(EXERCISE PROMPT)
Would you transcribe the whole listing exactly, minus its pictures?
[DATA EXTRACT]
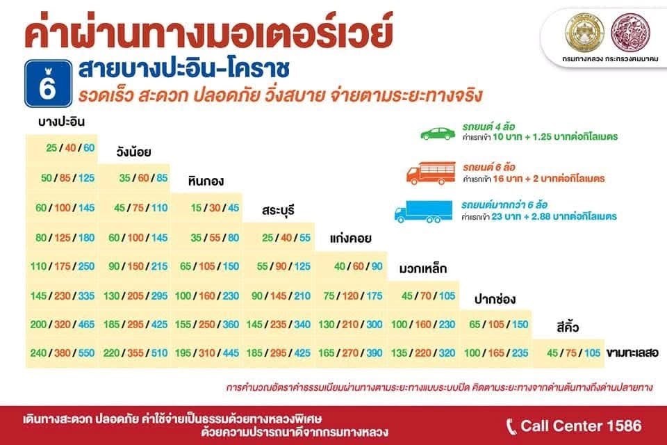 เรื่องทั่วไป / forward mail หรือ จดหมายส่งถึงกัน / เปิดอัตราค่าผ่านทาง "มอเตอร์เวย์ M6" บางปะอิน-โคราช ขึ้นแล้วต้องจ่ายเท่าไหร่
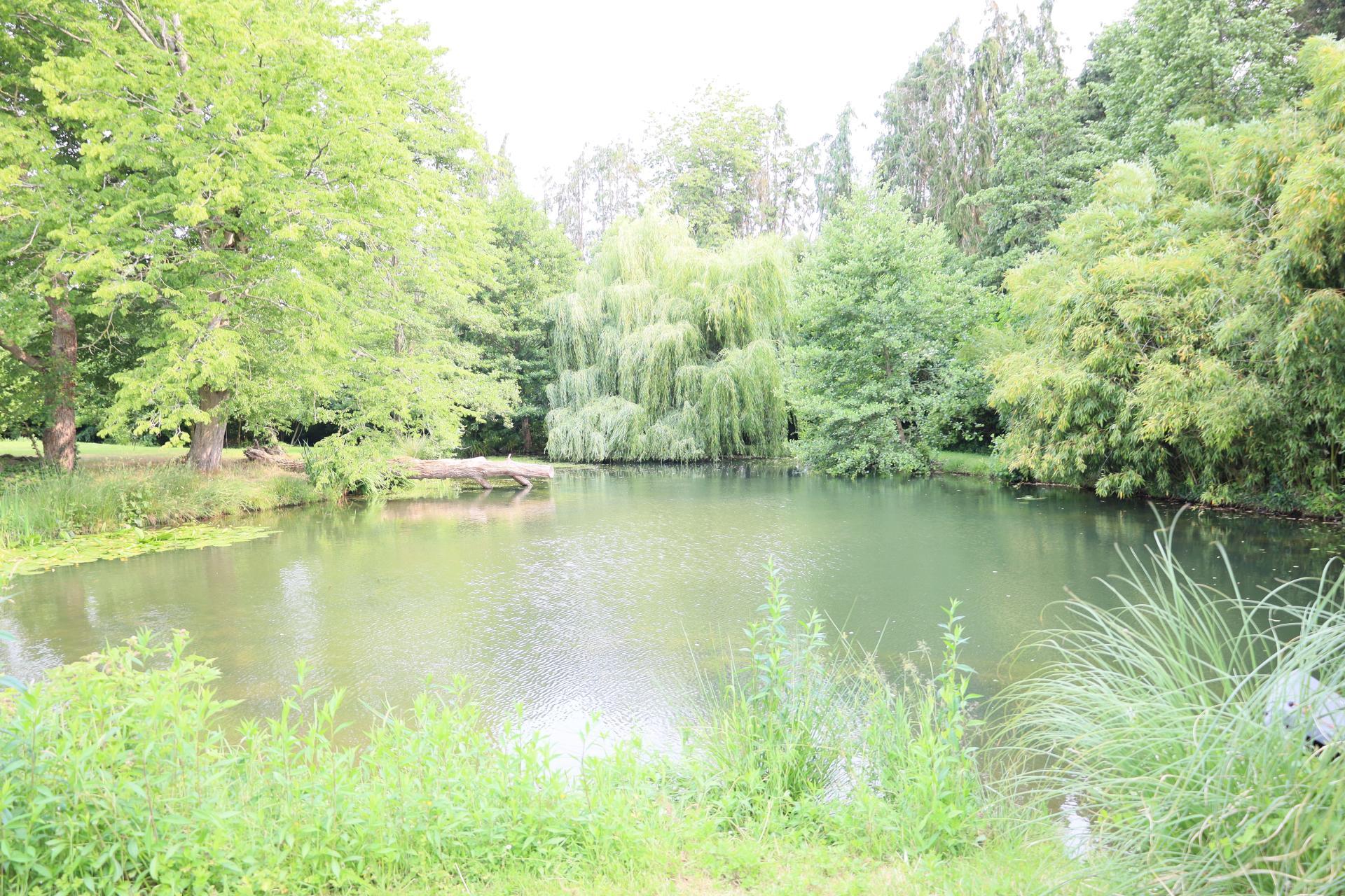 - au rez-de-chaussée : une spacieuse, chaleureuse et lumineuse pièce de vie (salon, salle à manger et cuisine) avec cheminée centrale motorisée donnant accès à la terrasse en châtaignier face à l'étang, une suite parentale avec salle d'eau et un wc séparé.
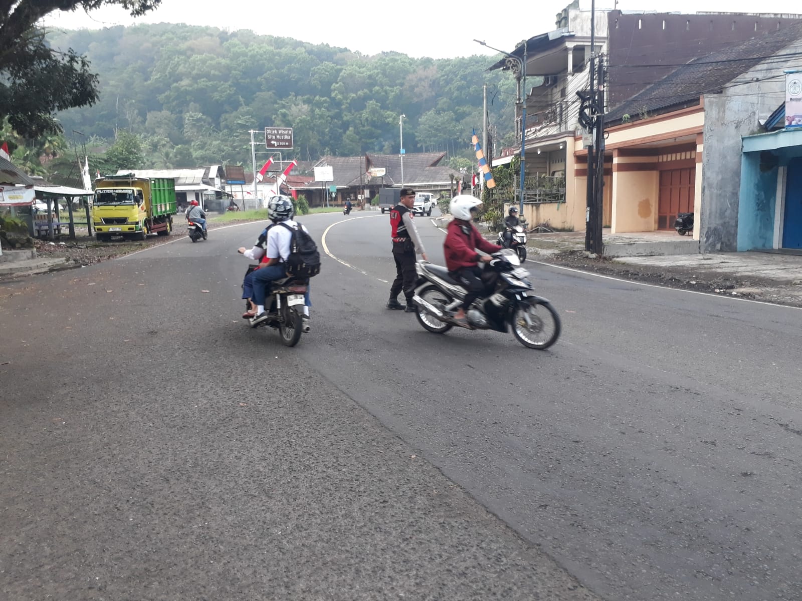 Personel Unit Pam Obvit Sat Samapta Polres Banjar melaksanakan kegiatan pengaturan (Gatur) dan pelayanan pagi di kawasan Simpang III Katapang, Selasa (2/9/2025) mulai pukul 06.20 WIB.
[/DATA EXTRACT]
(THE ANSWER)
 เรื่องทั่วไป / forward mail หรือ จดหมายส่งถึงกัน / เปิดอัตราค่าผ่านทาง "มอเตอร์เวย์ M6" บางปะอิน-โคราช ขึ้นแล้วต้องจ่ายเท่าไหร่
 - au rez-de-chaussée : une spacieuse, chaleureuse et lumineuse pièce de vie (salon, salle à manger et cuisine) avec cheminée centrale motorisée donnant accès à la terrasse en châtaignier face à l'étang, une suite parentale avec salle d'eau et un wc séparé.
 Personel Unit Pam Obvit Sat Samapta Polres Banjar melaksanakan kegiatan pengaturan (Gatur) dan pelayanan pagi di kawasan Simpang III Katapang, Selasa (2/9/2025) mulai pukul 06.20 WIB.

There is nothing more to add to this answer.